Clogs are a quartet from the United States and Australia. Their music bears evidence of their classical training and leader Padma Newsome's six years on an ashram in the outback. They mix the sounds from the modernist avant-garde, microminimalism, and the folk of India and the Jewish Diaspora. Their newest album, Stick Music, is now avaiable on Brassland Records.

Bryce Dessner: Guitar, ukulele, and other stringed instruments.
1. Books
What keeps me alive on tour. Here are some of those ones I've enjoyed recently: The Bone People - Keri Hulme; Norwegian Wood - H. Marukami; London Fields - Martin Amis; Sophie's Choice - W. Styron; Chekov short stories.

2. The Books
A great electronic duo from Holland and the U.S.. The Lemon of Pink and Thought for Food are two of my favorite albums. We're lucky enough to be collaborating with them in 2005.

3. Puglia
I've spent a couple months in the last year in the heel of the boot of Southern Italy. Its the most beautiful and least traveled region of Italy. My friends live in Lecce and San Cesario and are hosting an annual music festioval there called Sound Res.

4. Tenor Ukelele
I bought a tenor uke in Santa Monica at Mcabe's Guitar Shop after a gig there this fall. I have never had so much fun.

5. Talitres
Our beloved European label, home to the last two records by The National (my other band) and the new Clogs record, Stick Music. Sean Bouchard is the hardest working and nicest guy in France. Also possibly the best looking (married with two adorable children).

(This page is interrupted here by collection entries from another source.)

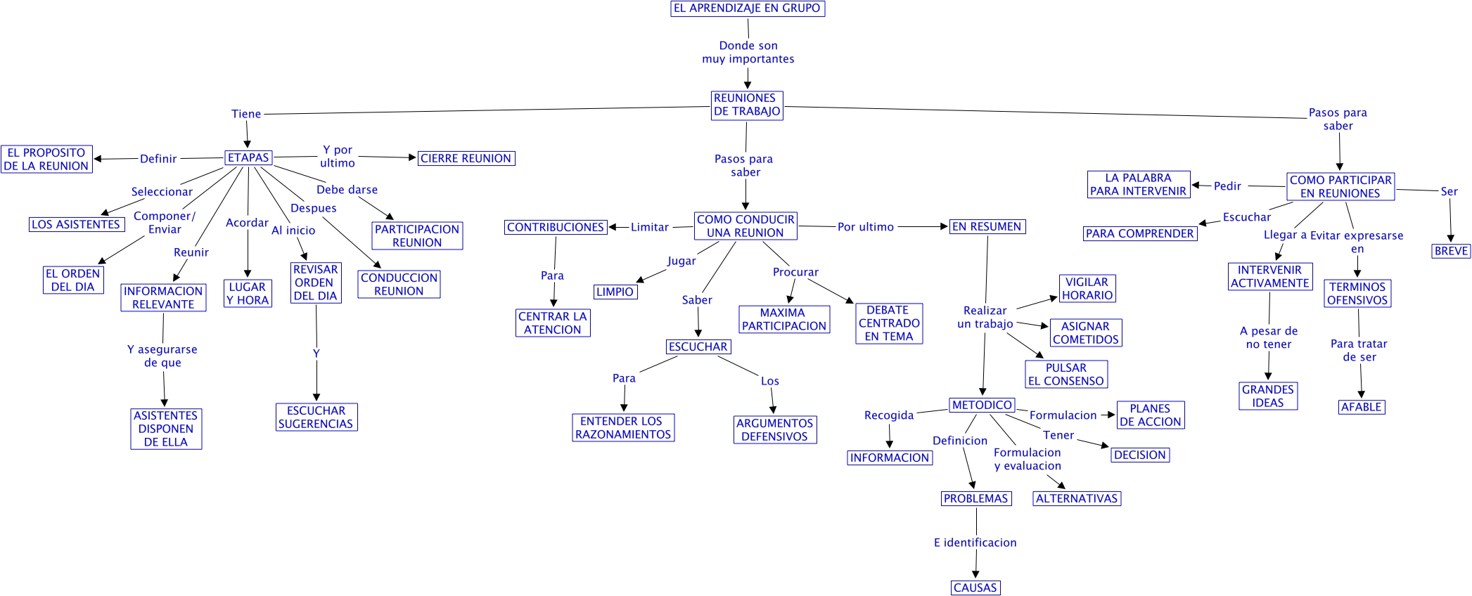 El Aprendizaje en grupo 4, ETAPAS Reunir INFORMACION RELEVANTE, CONTRIBUCIONES Para CENTRAR LA ATENCION, COMO PARTICIPAR EN REUNIONES Evitar expresarse en TERMINOS OFENSIVOS, COMO CONDUCIR UNA REUNION Procurar DEBATE CENTRADO EN TEMA, METODICO Formulacion PLANES DE ACCION, METODICO Tener DECISION, REVISAR ORDEN DEL DIA Y ESCUCHAR SUGERENCIAS, COMO CONDUCIR UNA REUNION Limitar CONTRIBUCIONES, ETAPAS Definir EL PROPOSITO DE LA REUNION, METODICO Definicion PROBLEMAS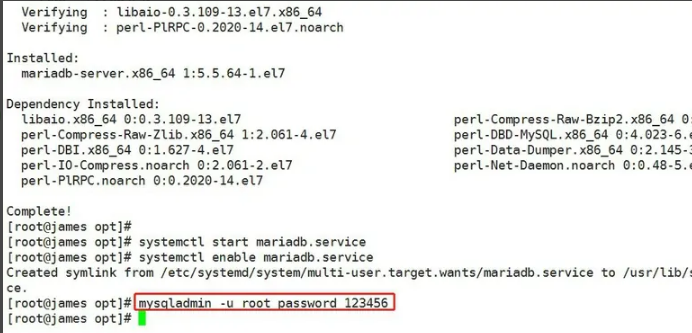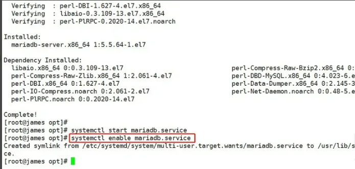 5、执行命令“systemctl enable mariadb.service”添加到开机启动;
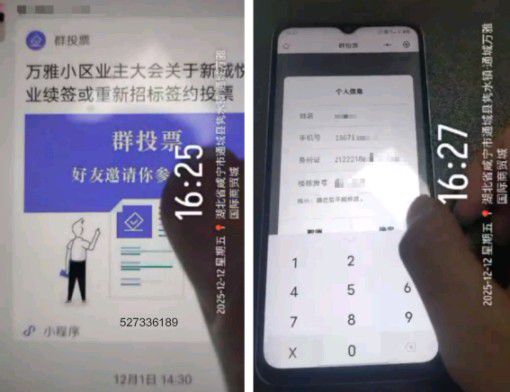 这场违规大戏还有 “前奏花絮”,业委会曾宣称 “联合社区跑票 + 小程序线上投票”,但直至大会结束,无任何业主见过电话投票、上门投票的书面材料。更离谱的是,线上投票小程序只是群投票链接,无需验证业主身份,错误身份证也能投票、刷票,而所谓 “跑票” 从 11 月 18 日就已开始,所有票据由个人带回家操作,全程无监控 —— 这样的投票结果,如何服众?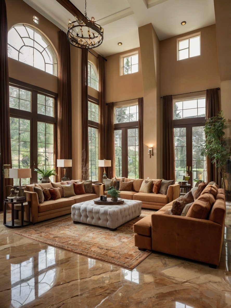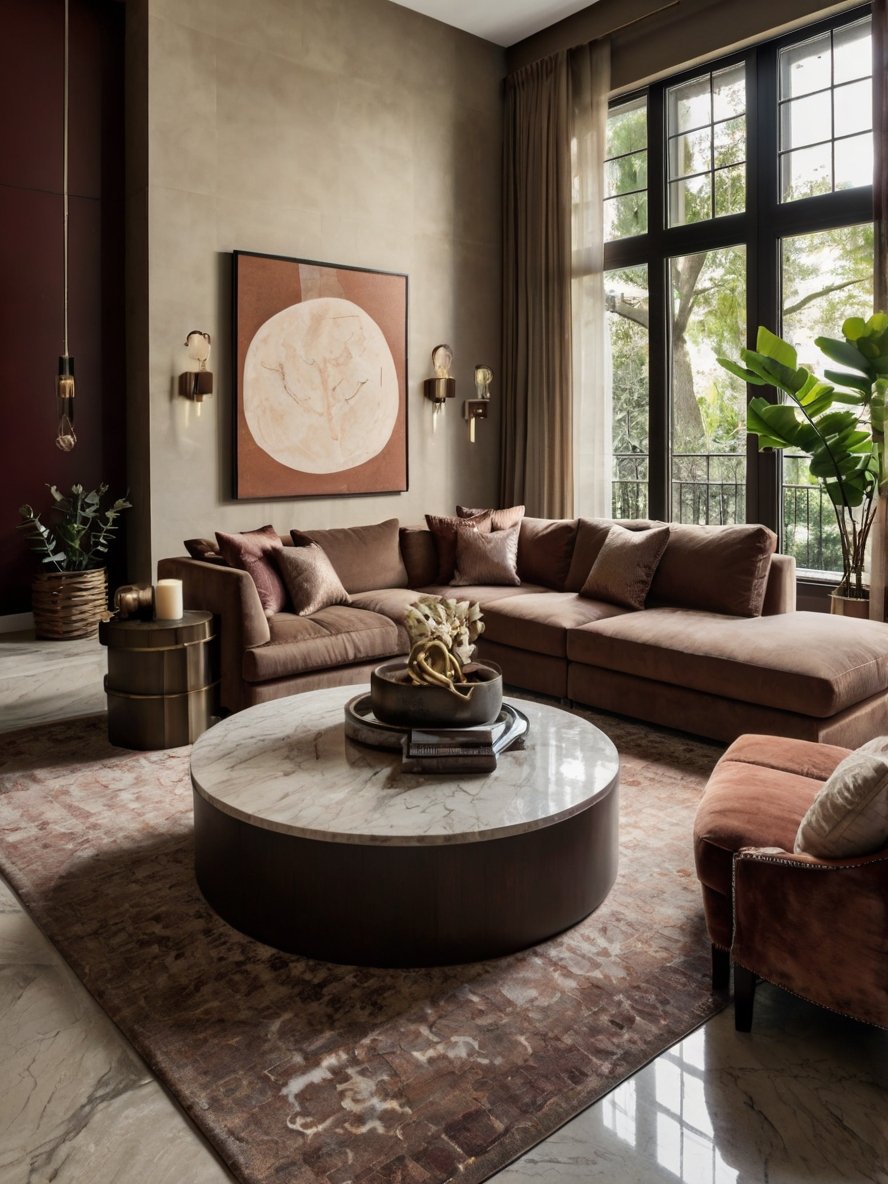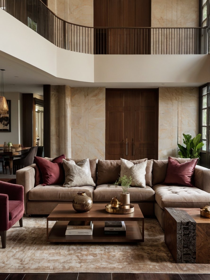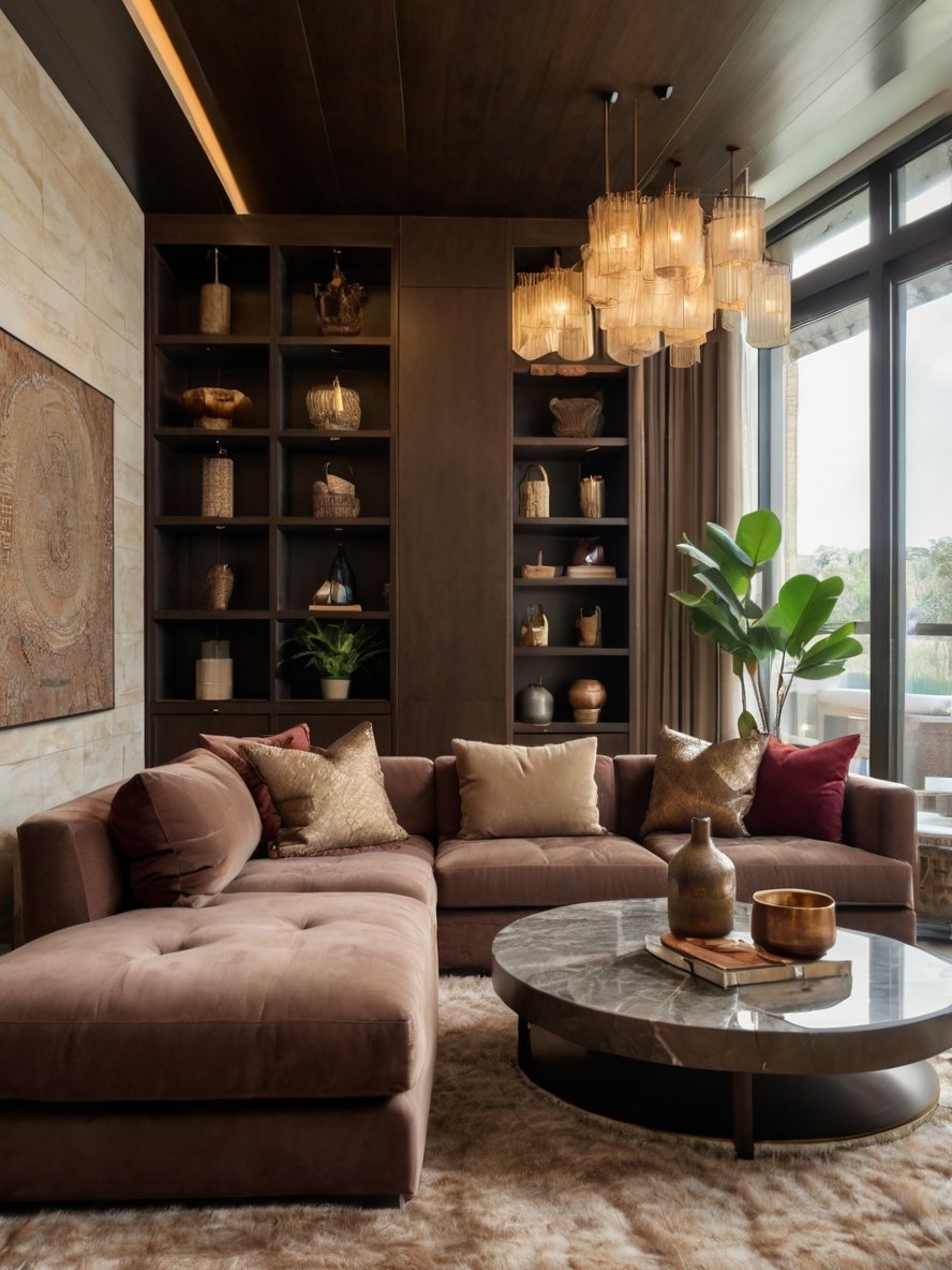 The luxurious velvet sectional in a rich cocoa brown tone is the epitome of comfort and style. Its deep seating and tufted upholstery invite relaxation while maintaining an elegant aesthetic. The L-shape configuration provides ample seating, making the space ideal for both intimate gatherings and larger social occasions. The use of coordinating throw pillows in gold, beige, and burgundy adds layers of texture and warmth. This sectional serves as the anchor of the living room, offering both function and refined design.

Padma Newsome: Violin, viola, and even more stringed instruments.
6. Australia
Quiet moments with pipe in hand at two in the morning listening to the sound of the sea pounding in the distance, and a few peeps, and beeps from a night bird. Mallacoota, my home town in Victoria, surrounded by National Forests and the sea, in the past frequented by the bush poets of the 19th century and the likes of cartoonist, Michael Leunig, welcomed by local music lovers and friends, and now my favourite place in the world.

7. Australia
The Black Cockatoo, riding the storm high, crying to another, ancient primitive harbingers of change. Here also Black Swans and huge Pelicans, regal ships on calm waters.

8. Paris
Most content and drunk moment after some rock gig and several rounds of deeply toned cognac. Here, English and French language skills meet at the point of incoherence, their natural resting-place.

9. Brooklyn
Still playing the late Beethoven quartets in my mind, not for the usual wunder-mega Fugue hyper-man moments, BUT for the gently weird or romantic sections, i.e. op 130, Cavatina, and the gnarly precursor to pointy minimalism in the Scherzo of op. 133. These are personal and isolated moments.

10. Brooklyn
Sitting quietly down on the water at Red Hook, surrounded on the one hand by ex-wharf remnants and quietly expanding human gardens on the other. In the distance the lights of Manhattan, ferries and ships moving on water, a hum, and the quiet lap of the waves. A single cricket sounds making me wonder what it might think it sounds like.